Given your example, you ignore the n^2 because n^12 grows SO much faster. For any "normal" amount of operations, n^12 wipes out 4*n^2 in terms of cost.

mbenjaminsmith · on July 5, 2012

Correct, I meant n^2.

Certainly there are cases where the "insignificant" parts of an algorithm are not so, correct? In a simple case n^12 dominates a few n^2 sections, but there must be exceptions to that.

Are there cases where a more complete analysis is done -- like comparing two similar algorithms? Or at that point are you actually implementing the algorithms to test and measure?

kruk · on July 5, 2012

Yes, there are cases where the "insignificant" part is so significant it's actually more efficient to use asymptotically slower algorithm for everyday problem sizes. The Big O notation is not so much about running speed but about scaling.

While the "insignificant" part would usually have to be really large to influence the running time, it's often the case that one algorithm is faster than another due to the second one having a large constant multiplier, even though the Big O notation would suggest otherwise (e.g. O(10nlogn) would be faster than O(1000*n))

It's also common that even if one of the algorithms is slower in the worst case scenario, its average case performance is better than asymptotically better solutions. A popular example of such might be the quicksort algorithm, which has the worst-case running time O(n^2) but in practice is usually faster than most O(nlogn) sorting algorithms.

mbenjaminsmith · on July 5, 2012

"Yes, there are cases where the 'insignificant' part is so significant it's actually more efficient to use asymptotically slower algorithm for everyday problem sizes. The Big O notation is not so much about running speed but about scaling."

I do understand that. My point was that the analysis is likely too optimistic in some cases. Maybe that's not an issue. I guess the whole thing is fairly arbitrary anyway, and conservative, since we're going to use "worst case" wherever it can be applied.

flebron · on July 5, 2012

It's not about optimisim, but about eventual dominance of functions.

If you have n^7 and 5(n^6 + 7n^2), then for every n >= 6, the first is larger. In general, for every pair of polynomials f and g of max degrees s and t respectively, and f will eventually dominate g if and only if s > t. Constant multiples are taken into account in big-O, but in a sense they can only delay the inevitable - for any nonzero constant multiples you pick to multiply f and g by, there always will exist a point n such that after that point, f dominates g forever.

It might be that that n, however, is too large for your purposes - perhaps that's what you mean by optimism. Sedgewick has written about other types of analysis that take this into account, see Algorithms for the Masses: http://www.cs.princeton.edu/~rs/talks/AlgsMasses.pdf .

scott_s · on July 5, 2012

I think you're getting tripped up on what the analysis is. It's a worst-case analysis. That is, at every step of the way, you're figuring out what is the worst possible behavior. Hence, you won't ever fall into the trap you're worried about. When doing worst-case analysis, and we say "this section of code is n^2", and "this section of code is n^3", as n grows, that will always be true.
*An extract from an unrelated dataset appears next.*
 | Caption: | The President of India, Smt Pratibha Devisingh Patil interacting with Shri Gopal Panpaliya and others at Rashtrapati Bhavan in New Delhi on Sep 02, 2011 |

You're probably thinking of not worst-case analysis (which is what is typically done for Big O), but average-case analysis. That is, you're not asking about what is the worst possible running time, but on average, what will the typical running time be? That requires a more complicated analysis. Specifically, we have to start giving probability distributions to our inputs. In worst-case analysis, reasoning about the inputs is easy: just figure out what inputs will give us the worst performance, no matter how rare those inputs may be. In average-case analysis, we have to start figuring out what the likely inputs will be. That requires more work and more assumptions. Typically, you do average-case analysis with a particular problem domain in mind - otherwise, you can't reason about what kinds of inputs are frequent or rare.

jkbyc · on July 5, 2012

It is just a simple kind of analysis. Normally people working on algorithm and data structure analysis would do large amounts of fairly advanced math to analyse the complexity in detail, including all the "insignificant" parts.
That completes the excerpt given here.